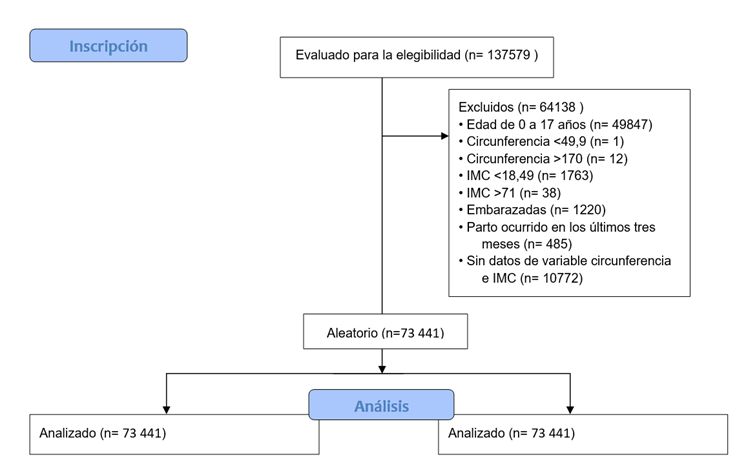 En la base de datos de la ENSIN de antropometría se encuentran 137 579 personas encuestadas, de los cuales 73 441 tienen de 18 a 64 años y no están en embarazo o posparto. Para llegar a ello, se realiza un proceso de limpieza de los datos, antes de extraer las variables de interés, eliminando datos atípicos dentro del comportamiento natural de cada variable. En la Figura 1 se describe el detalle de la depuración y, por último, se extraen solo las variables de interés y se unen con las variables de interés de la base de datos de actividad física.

...

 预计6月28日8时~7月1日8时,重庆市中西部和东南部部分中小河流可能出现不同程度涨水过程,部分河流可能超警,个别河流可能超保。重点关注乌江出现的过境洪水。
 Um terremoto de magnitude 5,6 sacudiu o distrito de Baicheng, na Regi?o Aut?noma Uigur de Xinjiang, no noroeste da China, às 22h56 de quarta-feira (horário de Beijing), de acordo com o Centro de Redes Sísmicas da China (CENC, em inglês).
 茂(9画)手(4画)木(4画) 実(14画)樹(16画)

> [Work to complete]
Among the entries above, the lines between the ones containing "Um terremoto de" and "茂(9画)手(4画)木(4画) 実(14画)樹(16画)", inclusive, are to be transcribed exactly. No other line is to be given.

> [Response to the task]
 Um terremoto de magnitude 5,6 sacudiu o distrito de Baicheng, na Regi?o Aut?noma Uigur de Xinjiang, no noroeste da China, às 22h56 de quarta-feira (horário de Beijing), de acordo com o Centro de Redes Sísmicas da China (CENC, em inglês).
 茂(9画)手(4画)木(4画) 実(14画)樹(16画)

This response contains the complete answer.